I was turned off by the silliness of a talking snowman and mute, but expressive reindeer leading the film. I refused to watch another preview for “Frozen” based on my experience with Disney princesses lately. I must admit this was unusual for me considering I was a Disney fan since 1989 when Ariel and Sebastian in “The Little Mermaid” jammed to the classic musical hit, “Under the Sea.”

To my delight and former sense of whimsy, “Frozen” turned out to be the Disney animated film I didn’t know I wanted. This ’80s through ’90s Disney fan was once again entranced by the magical kingdom of colorful animated characters and wit of Disney’s writers.

“Frozen” begins with a wonderful choral opening that is reminiscent of “Circle of Life” from 1994’s “The Lion King.” The audience journeys through crystallized snowflakes and icy terrain down to a musical number featuring manly men breaking apart ice for the summer. I was immediately taken in with “Frozen Heart” as it reminded me of another manly Disney hit: “Gaston” from “Beauty and the Beast.”

The beauty of this picture doesn’t let up when the audience gets a background story of a family with two young daughters, one of whom has mystical powers. Everything works so well, because the producers, writers and director have constructed a animated film that is a hybrid of all the best parts of Disney’s former motion pictures. The opening is powerful and hooks an audience, the magical storytelling is engaging throughout the picture, the characters are relatable in a modern way, and the humor is increasingly hilarious.

The standout humorous moments come from the living snowman named Olaf, who is played by the surprisingly delightful Josh Gad, now best known for his role in the musical “The Book of Mormon.” Gad’s particular brand of humor and vocal performance makes Olaf into a living, breathing entertainer with his great solo song “In Summer.” Olaf no doubt steals the show in the same way Sebastian, Lumiere and Philoctetes did with their respective Disney films.
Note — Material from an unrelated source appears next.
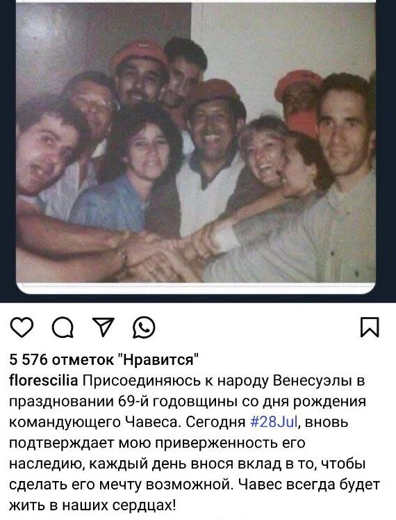 Мадуро и Флорес всегда позиционировали себя как наследников дела Чавеса — борцов за социальную справедливость против элит и американского влияния. Однако их правление совпало с глубоким экономическим кризисом, гиперинфляцией и массовым отъездом венесуэльцев из страны.

The humor of the film will no doubt enchant both adults and children alike, but what ultimately holds the animated feature together is the brilliant screenplay and direction by Jennifer Lee and Chris Buck. This duo has constructed an imaginative blend of everything that makes the Disney animation company so fascinating and successful. Disney might consider always putting a directing duo on their films, because two heads were no doubt better than one with this film that is every bit as good as the Disney princess films from the ’90s.